# Exercise goal
Reproduce, from the lines below, exactly the stretch that begins at the line containing "Similar Design Products" and ends at the line containing "Гарнитура BOROFONE BM36", both included.
** Provided data follows **
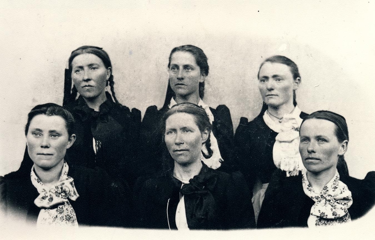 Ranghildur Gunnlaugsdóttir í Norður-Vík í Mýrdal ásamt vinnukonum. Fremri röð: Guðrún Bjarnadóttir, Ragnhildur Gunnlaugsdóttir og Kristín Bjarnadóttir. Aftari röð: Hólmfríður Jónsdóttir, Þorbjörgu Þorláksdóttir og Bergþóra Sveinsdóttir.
** End of Provided data **
** Provided data follows **
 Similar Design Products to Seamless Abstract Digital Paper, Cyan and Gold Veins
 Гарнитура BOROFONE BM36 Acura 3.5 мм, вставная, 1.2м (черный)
** End of Provided data **
# Response to the task
 Similar Design Products to Seamless Abstract Digital Paper, Cyan and Gold Veins
 Гарнитура BOROFONE BM36 Acura 3.5 мм, вставная, 1.2м (черный)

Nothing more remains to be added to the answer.